On Behalf of | Nov 18, 2025 | Divorce |

Your job can feel like a second marriage sometimes; demanding, unpredictable, and occasionally heartbreaking. While no career is a direct ticket to divorce court, certain professions create pressures that make staying married exponentially harder. The reasons aren’t mysterious: mismatched schedules, constant temptation, crushing stress, low pay, or long separations chip away at even the strongest partnerships.

The data behind this comes primarily from U.S. Census Bureau surveys (analyzed in landmark studies like Nathan Yau’s FlowingData project and updated through 2025 reports). These numbers show the percentage of people in each job who have ever been divorced (out of those who’ve ever married) – a “lifetime” divorce rate that often tops 50% in the toughest fields, compared to a national average around 30 – 35%.

Here’s a fresh look at the 10 professions where divorce rates consistently rank highest, with a deeper dive into the real-world “why” that New Jersey families experience every day:

1: Gaming Managers & Supervisors (Casinos): Up to 52.9%

Atlantic City isn’t just the East Coast’s gambling capital – it’s ground zero for 24/7 operations. Managers work nights, weekends, and holidays in high-stakes, alcohol-fueled chaos. The constant exposure to excess erodes boundaries, and the schedule leaves spouses living parallel lives.

2. Bartenders: Around 52.7%

Pouring drinks until 4 a.m. while charming (and being charmed by) customers creates a toxic mix of late nights, easy alcohol access, and flirtation. In New Jersey’s bar and restaurant scene, from Hoboken to Asbury Park, bartenders are often home when their partner is at work, and asleep when they’re awake.

3. Flight Attendants: 50.5%

Based out of Newark Liberty (one of the nation’s busiest hubs), flight crews spend days or weeks away, battling jet lag and hotel loneliness. The glamour fades fast when birthdays, anniversaries, and everyday parenting happen without you.

4. Casino Dealers & Gaming Service Workers: 50.3%

Same high-energy, temptation-heavy environment as managers, but often for lower pay and zero work-life balance. Shift work during peak tourist seasons means missing family milestones—and coming home too drained to reconnect.

5. Massage Therapists: 47 – 49%

One-on-one intimate contact with clients, irregular booking hours, and physical exhaustion can spark jealousy or crossed boundaries. Northern New Jersey’s wellness boom means many therapists juggle private practices with little downtime for their own relationships.
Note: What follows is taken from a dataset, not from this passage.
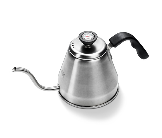 Pour Over demleme yaparken önemli noktalardan biri de, ince, kesintisiz ve hızını kontrol edebileceğiniz bir su akışına sahip olmak. Bu ürüneler Goose Neck Kettle diye adlandırılıyor, Türkçeye ise Kaz Boynu Su Isıtıcı diye çevirebiliriz. Isıtıcıların direkt ocak üstünde kullanılan versiyonları olduğu gibi sıcaklık ayarlı elektrikli olanlarını da bulmak mümkün. Bunlarına arasında tchibo üretimi olan düşük maliyetli ve hacimli tchibo kettle en dikkat çekenlerden. Ocak üstünde kullanmanız çok doğru olmayabilir ama ısıtılmış suyu içine koyarak rahatlıkla kullanabilirsiniz.

6. Nursing & Home Health Aides: 46–49%

Emotional burnout is real. 12-hour shifts (often nights/weekends) at hospitals in Morristown, Hackensack, or Newark leave caregivers with nothing left for their own families. Compassion fatigue turns “How was your day?” into a trigger instead of a connection.

7. Telemarketers & Call Center Workers: 49%+

Soul-crushing rejection eight hours a day, combined with rigid or rotating shifts in the many call centers across central and south Jersey, breeds resentment that follows workers home.

8. Extruding/Rolling Machine Operators (Manufacturing): About 50%

New Jersey still has a strong industrial base. Physically punishing factory work, mandatory overtime, and exposure to noise/chemicals create chronic fatigue—and financial stress when wages don’t keep pace with the cost of living.

9. Entertainers & Exotic Dancers: About 43 – 47%

Late-night performances in clubs from Paterson to the Shore often involve provocative settings that invite insecurity, jealousy, or outright trust issues.

10. First Responders & Enlisted Military (frequent top-15 appearance): 38 – 45%

Police officers, firefighters, EMTs, and National Guard members face trauma, unpredictable call-outs, and PTSD risks. Northern New Jersey’s proximity to NYC means many commute into even higher-stress environments.

The Hidden Stressors New Jersey Families Know Too Well

Geographic reality: Atlantic City casinos, EWR flight crews, pharmaceutical commuters stuck on the Turnpike or GSP—these aren’t abstract jobs; they’re our neighbors, friends, and families.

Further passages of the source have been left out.